## EXCERPTED RECORDS:
++++++++
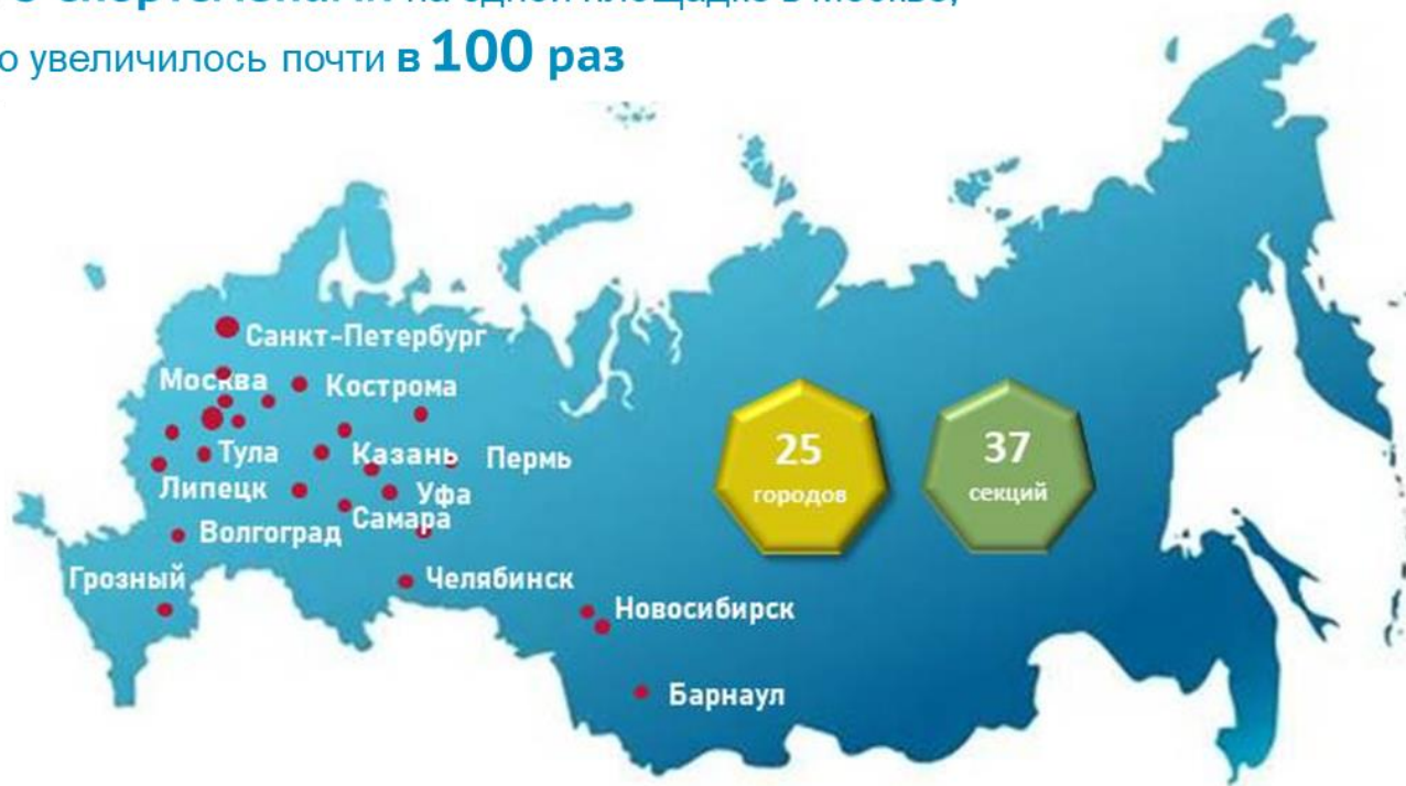
Количество адаптивных спортсменов
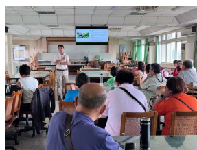
解說生態復育的概念
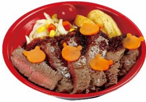
ポンタ 勝利のステーキ丼 ～おりほー！～ 限定10食/ 2,500円 (ポンタ撮影会参加券付)
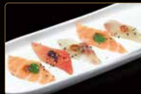
224. CARPACCIO MISTO SPRITZ € 8,00 carpaccio misto in salsa sumiso e sesamo
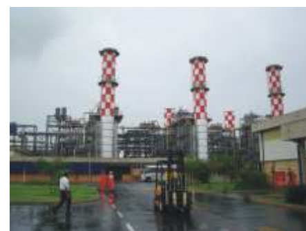
Usina Termo Fluminense - Macaé - RJ
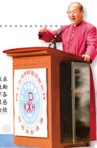
鄭大主教在講道中勉勵基顯上下各人，要常懷感恩，活出快樂人生
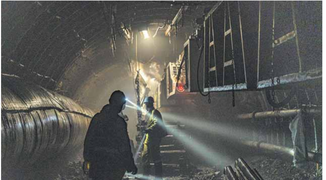
Zdjęcie poglądowe
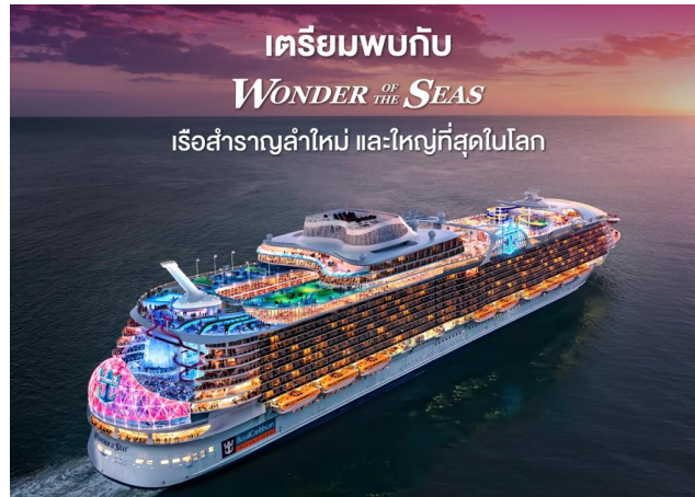
เตรียมพบกับ WONDER OF THE SEAS เรือสำราญลำใหม่ และใหญ่ที่สุดในโลก

การเดินทางเข้าฝรั่งเศส : ต้องแสดงเอกสารการได้รับวัคซีนตามท้องครยายุโรปรับรอง คือ Pfizer, Moderna, Astrazeneca, Astrazeneca Thai, Covishield, J&J ครบโดส และแสดงผลตรวจโควิด-19 ด้วยวิธี RT-PCR เป็นลบ ไม่เกิน 72 ชั่วโมง ก่อนเดินทาง หรือ Antigen Test ไม่เกิน 48 ชั่วโมง ก่อนเดินทาง จะไม่ต้องตรวจหาเชื้ออีกครั้ง เมื่อเดินทางถึง และไม่ต้องกักตัว
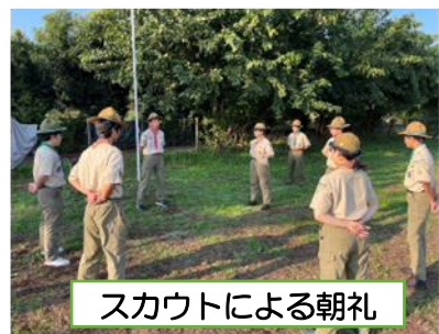
スカウトによる朝礼
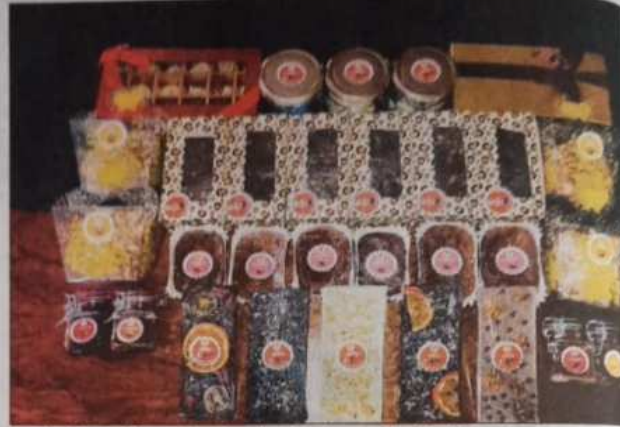
Confectionary items developed using jaggery by the NSI
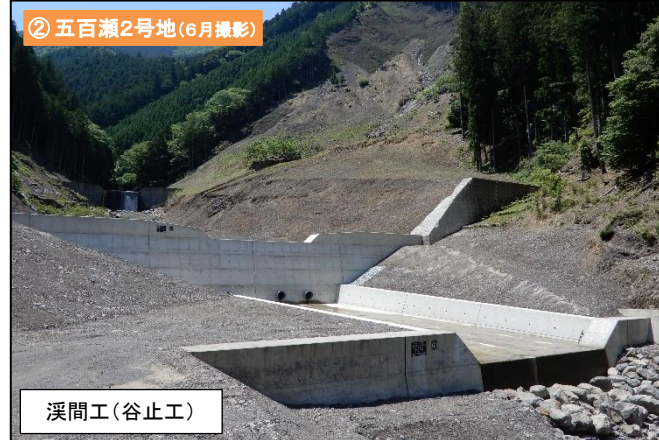
② 五百瀬2号地 (6月撮影)
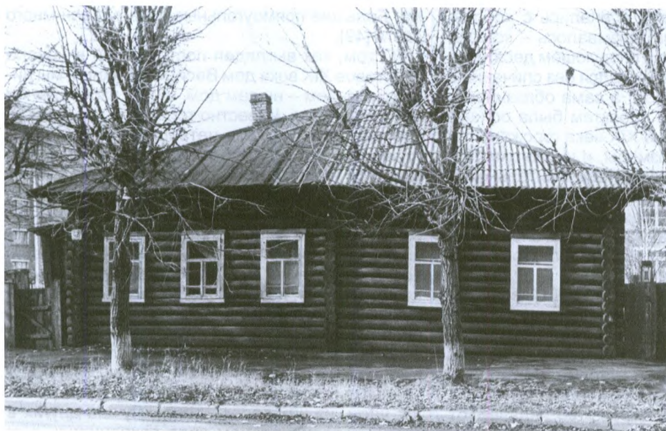
Городской дом-крестовик. Современный снимок

разрешить строить двухэтажные дома и в городах Вологодской губернии. Он ссылался на донесение городничего Тотьмы, который отмечал, что после пожара, случившегося в 1843 году, многие горожане хотели бы построить именно такие дома. Интересно, что губернатор считал, что двухэтажные дома выгодны прежде всего бедным горожанам – и материала на строительство уходит меньше, и один этаж можно сдавать. Вопрос был решен на удивление быстро – уже в сентябре 1844 года губернатор был извещен о том, что «Государь Император Высочайше повелеть соизволил» разрешить строительство таких домов, что и было закреплено Высочайшим указом «О разрешении жителям
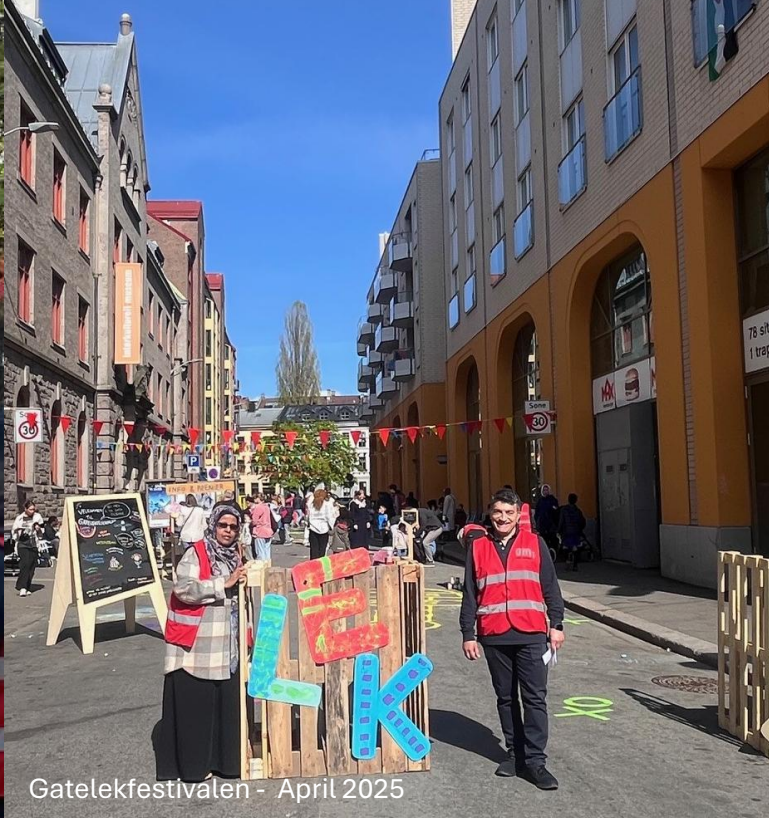
Gatelekfestivalen - April 2025
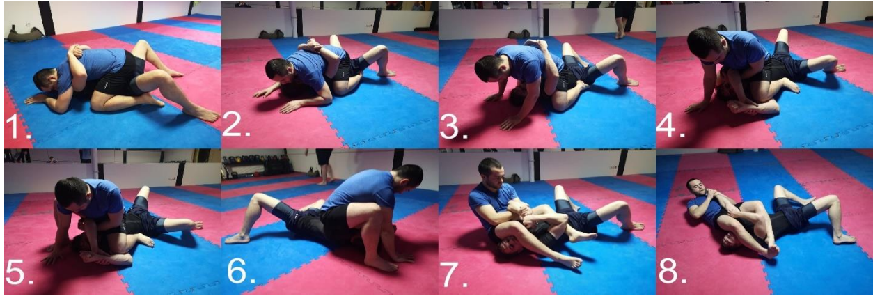
Slika 2.1.1.1. Potrebni koraci za armbar iz pozicije monta, forsira se hiperekstenzija
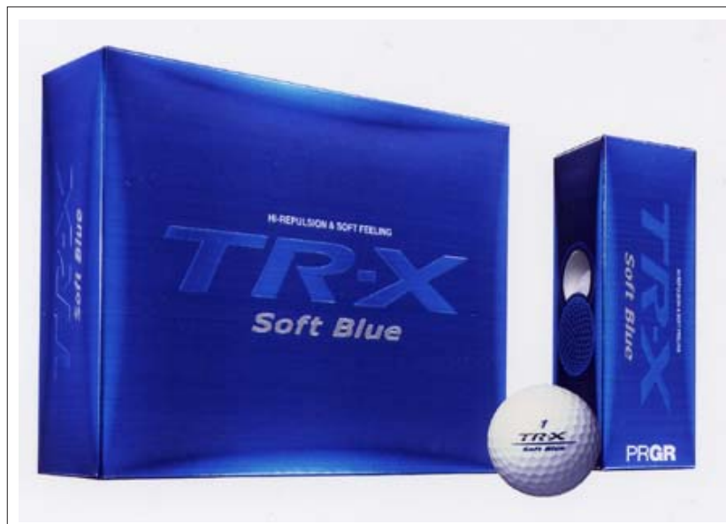
TR-X Soft Blue ボール

「TR-X Soft Blue ボール」の発売により、PRGRゴルフボールは、昨年発売された「TR-X Power & Soft」、今回同時発売の「DUO Red」と合わせて3系列が揃い、ゴルフスタイルに応じて「飛び」が選べるラインナップとなった。
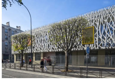
Une résille à la thématique végétale, composée d'éléments préfabriqués en béton blanc fibré à ultra hautes performances (bfup), habille et protège les façades sur rue.

La reconstruction de l'école maternelle Éva Salmon s'inscrit dans le renouvellement urbain du quartier du Port à l'Anglais engagé par la ville de Vitry-sur-Seine. Le chantier du nouvel édifice scolaire s'est effectué en site occupé. Implantée à l'angle des rues Charles Fourier et Pasteur, face à la halle Dumeste, un ancien bâtiment industriel remarquable, l'école bénéficie d'une situation stratégique dans ce quartier qui connaît un fort développement immobilier avec les projets de la Zac du Port à l'Anglais, du « Fulton dock » du port et de la Zac de Seine Gare Vitry.
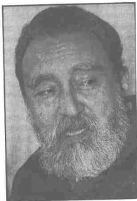
Prof. Syed Hussein Al-Attas

Tetapi kalau banyak benar tenaga dihabiskan dengan kerja-kerja yang tidak berfaedah tentulah banyak lagi kerja yang terbengkalai. Kerja kuat sahaja pun tidak memadai; otak dan fikiran hendaklah digunakan selalu.
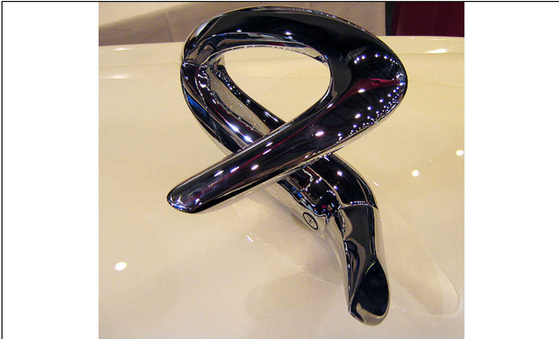
FIGUUR B Tri-Flow kraan deur Zaha Hadid

Die bekroonde argitek, Zaha Hadid het hierdie kraan vir die Britse maatskappy, Triflow Concepts, ontwerp. Die ontwerp lyk soos 'n losstaande, vleklose staal beeldhouwerk en het die vermoë om water op drie verskillende maniere vry te laat; konvensionele warm en koue water stroom uit deur die handvatstel te gebruik en 'n aparte waterweg vir filtreerde drinkwater word geaktiveer deur die elektroniese knoppie te druk.
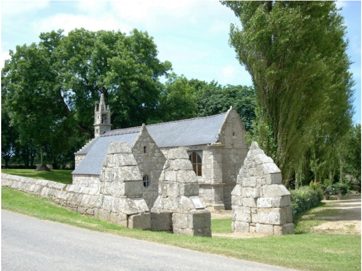
Saint-Vougay, chapelle Saint-Jean-Baptiste : vue générale sud-est
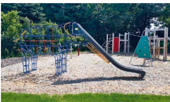
Der Elefanten-Spielplatz in Hoya lädt ein

Nach der Planungsphase ging es im Juni 2023 los. Die Firma Rasche aus Minden startete mit den Garten- und Landschaftsbauarbeiten, anschließend hat die Firma Jenkel aus Bleckede die
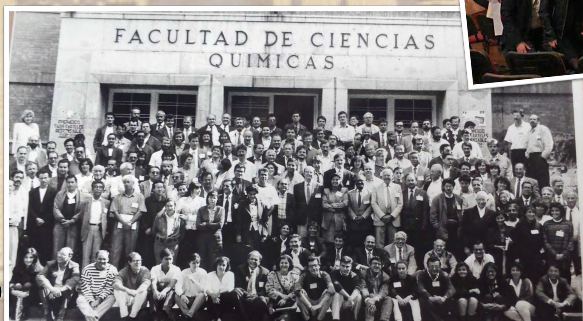
Congreso en la Facultad (1992)
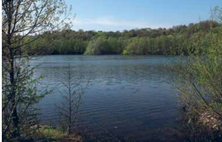
Werraaltarm bei Albugen, Foto: Rainer Gilbert
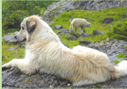
Montagne des Pyrénées
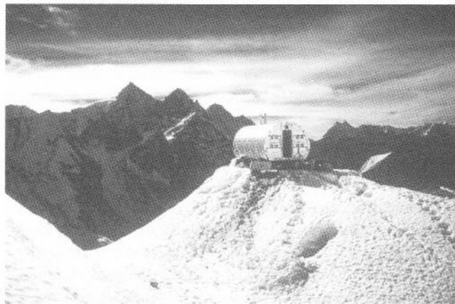
Silver Hut

Základní tábor expedice byl zřízen u vesnice Mingbo ve výšce 4 660 m. Vlastní obytná laboratoř, chata, dle Hillaryho ve tvaru obrovské odvodňovací roury (20), dle Milledge (32) tvaru vagonu londýnského metra, o velikosti 7krát 3 m, byla smontována z překližkových dílů vyrobených v Anglii, nabarvených stříbrnou barvou a vyplněných izolační pěnou. Byla postavena ve výšce 5 790 m na ledovci Mingbo (obr.). Odtud „ Silver Hut “ (Stříbrná chata), která měla osm paland. O 370 m níže byla postavena dřevěná chata se čtyřmi palandami, jejíž střechem i stěny pokrývala zelená plachta, proto pojmenování Green Hut (48). V této výšce, z hlediska výškové fyziologie v „šedé zóně“ mezi aklimatizací a deteriorací, je parciální tlak kyslíku ve vzduchu poloviční, poloviční byla i pracovní kapacita, která se v průběhu pobytu přiblížila ke dvěma třetinám výchozích nížinných hodnot. Kyslíková saturace (SaO 2 ) byla 70 % a v zátěži klesala pod 50 %, i přes mimořádně vysoké hodnoty plicní ventilace (32).
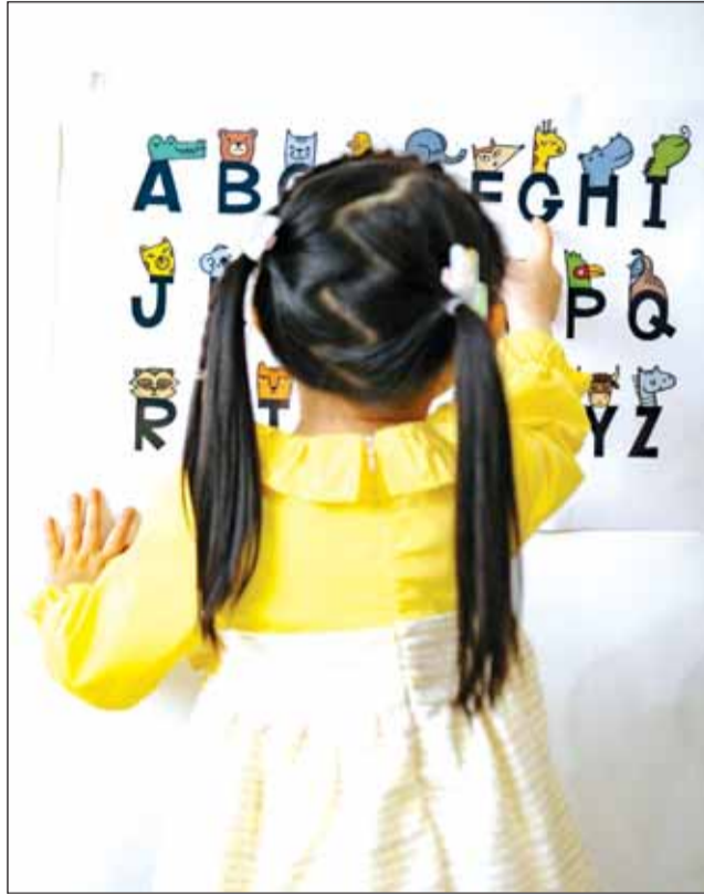
Pentru ciclul primar, în anul școlar viitor, vor fi înființate peste 100 de clase

„În foarte multe situații, școlile de cartier, din proximi-
++++++++
Please print the lines above exactly, beginning at the first line of the entries and ending at the line holding "เตรียมพบกับ WONDER OF", and leave the pictures out.

Количество адаптивных спортсменов
解說生態復育的概念
ポンタ 勝利のステーキ丼 ～おりほー！～ 限定10食/ 2,500円 (ポンタ撮影会参加券付)
224. CARPACCIO MISTO SPRITZ € 8,00 carpaccio misto in salsa sumiso e sesamo
Usina Termo Fluminense - Macaé - RJ
鄭大主教在講道中勉勵基顯上下各人，要常懷感恩，活出快樂人生
Zdjęcie poglądowe
เตรียมพบกับ WONDER OF THE SEAS เรือสำราญลำใหม่ และใหญ่ที่สุดในโลก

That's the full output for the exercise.